Weeks later, most of the chicks are flying and many have been spotted, ID’d by their new plastic leg bands, DNR wildlife biologist Tim Keyes said.

“We are getting band re-sights from those chicks all up and down the coast, from Tybee, Sapelo, the Altamaha delta, Cumberland, northeast Florida. It’s pretty cool.”

It’s also what project leaders hoped for. The banding is part of a Virginia Tech study focused on Virginia’s largest colony for colonial seabirds, a man-made island in Chesapeake Bay where as many as 20,000 royal terns and other birds nest. A $3.8 billion expansion of the Hampton Roads Bridge-Tunnel to ease traffic congestion will remove nesting habitat on the island.

Scientists documenting how seabirds use the site want to see where the displaced terns wind up. The Brunswick dredge island, between St.

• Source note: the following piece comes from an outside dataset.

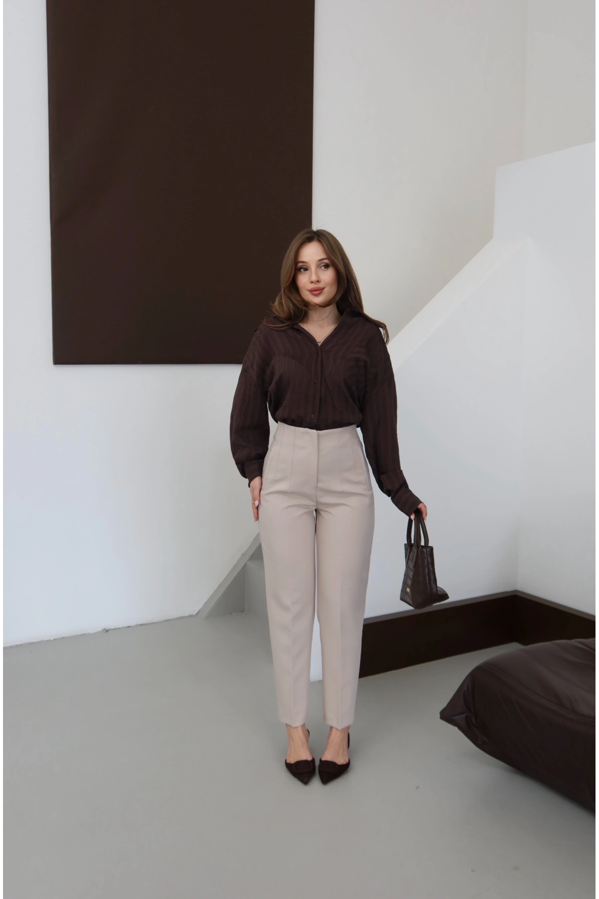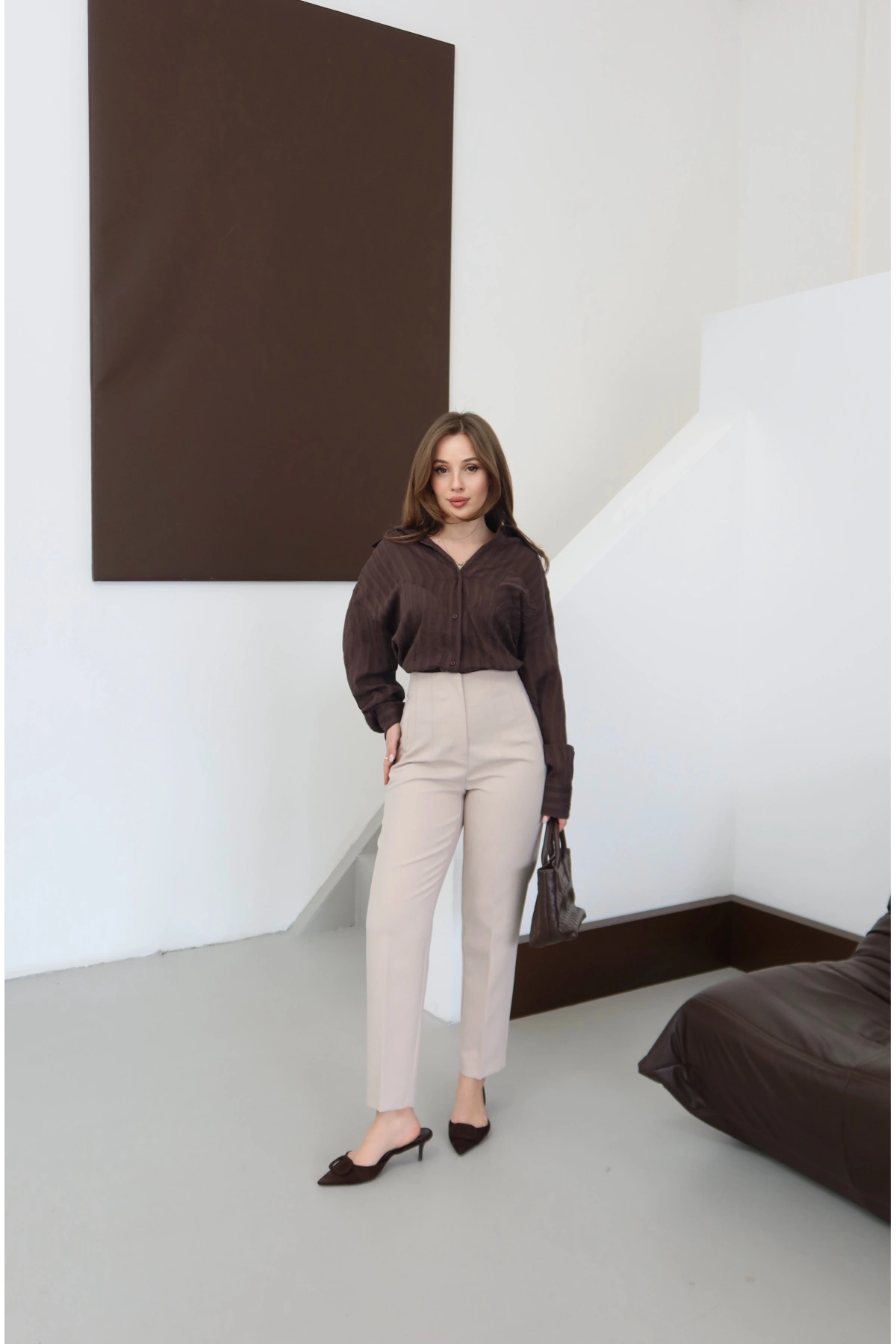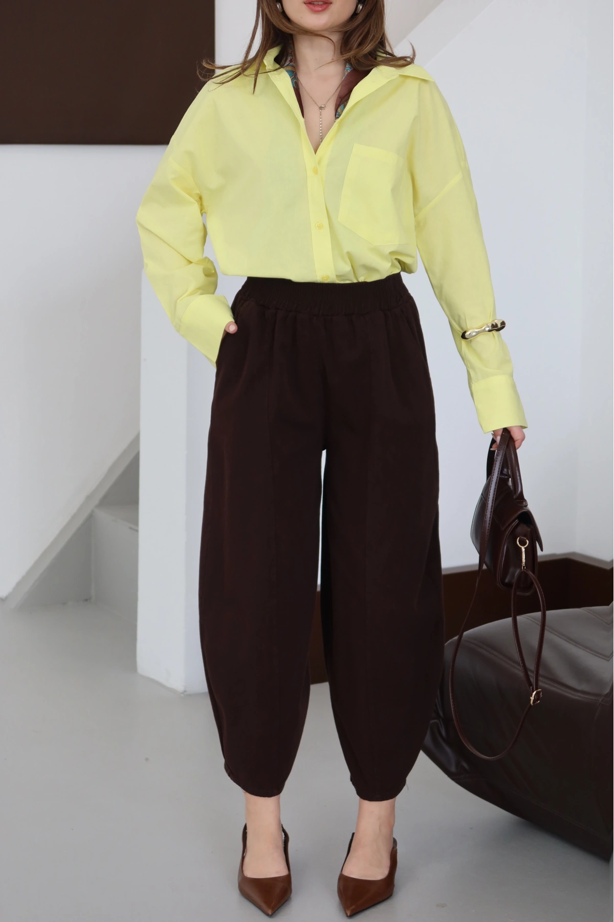 Çımalı Gabardin Şalvar Pantolon Kahve

Simons and Jekyll islands, is protected habitat that will serve as something of a control area.

Keyes said the study also will provide data to better estimate how many terns nest on the island, how many young they produce and – by tracking the birds, from Maine to Peru how vital the colony is.

Considering the immediate results, so far, so good.

The young of crested terns including royal and sandwich terns leave the nest, or scrape, within a day after hatching, forming a large group of chicks called a creche (nursery).

One benefit of this behavior is that fewer adults can watch over more young, freeing other adults to forage for food even miles away.

Cued by sound and sight, parents apparently have no problem picking out their offspring in a sea of chicks.

DNR's Tim Keyes said that during the banding, when the chicks were in corrals, adults quickly found and fed their young.

To report a sighting, email the band code, time and place to vt.plover@gmail.com. Good photos are welcomed. At the Brunswick dredge island, 1,500 royal tern chicks received plastic bands. About another 500 royal and sandwich tern chicks received metal leg bands (which are less easy to read in the field).